Too old to cry, I told myself. Though fourteen was almost a man’s age. Already I was sprouting a few hairs above my lips and other places. Sniffling, choking my sobs back, I ran to the white wall and climbed the oak tree. Once there on the wall I sat in my favorite place and stared off at the huge white mansion, which looked ghostly in the moonlight. I thought and I thought about Bart and who was his father. Why hadn’t he been named after Daddy Paul? Surely a son should have his father’s name. Why Bart instead of Paul?

As I watched, as I wondered, fog from the sea began to roll in, curling back upon itself, enfolding the mansion until I couldn’t see it. All about me spread the thick gray mist. Eerie, frightening, mysterious.

From the grounds next door came strange muffled noises. Was that someone crying over there? Great wracking sobs that were punctuated by moans and short prayers that asked for forgiveness.

Oh, God! Was that pitiful old woman crying just like my mother had cried? What had
she
done? Did everyone have some shameful past to conceal? Would I be like them when I grew up?

“Christopher,” I heard her sob. Startled, I jerked and tried to find where she was. How did she know my dad’s name? Or did she have a Christopher of her own?

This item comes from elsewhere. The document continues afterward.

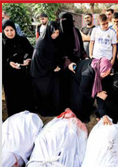
Women mourn by the bodies of Palestinian victims killed during Israeli bombardment, before their funerals outside the morgue at Nasser Hospital in Khan Yunis in the southern Gaza Strip on October 25, 2023.

I knew one thing. Something dark and threatening had come into our lives. Bart was acting stranger than usual. Something or someone had to be influencing him in subtle ways I couldn’t quite put my finger on. Whatever was changing Bart didn’t have anything to do with Mom and Dad. If I
couldn’t understand them, Bart wouldn’t have a chance. But whatever it was between my parents, and whatever was going on with Bart, I felt I had the weight of the world on my shoulders, and they weren’t that strong yet.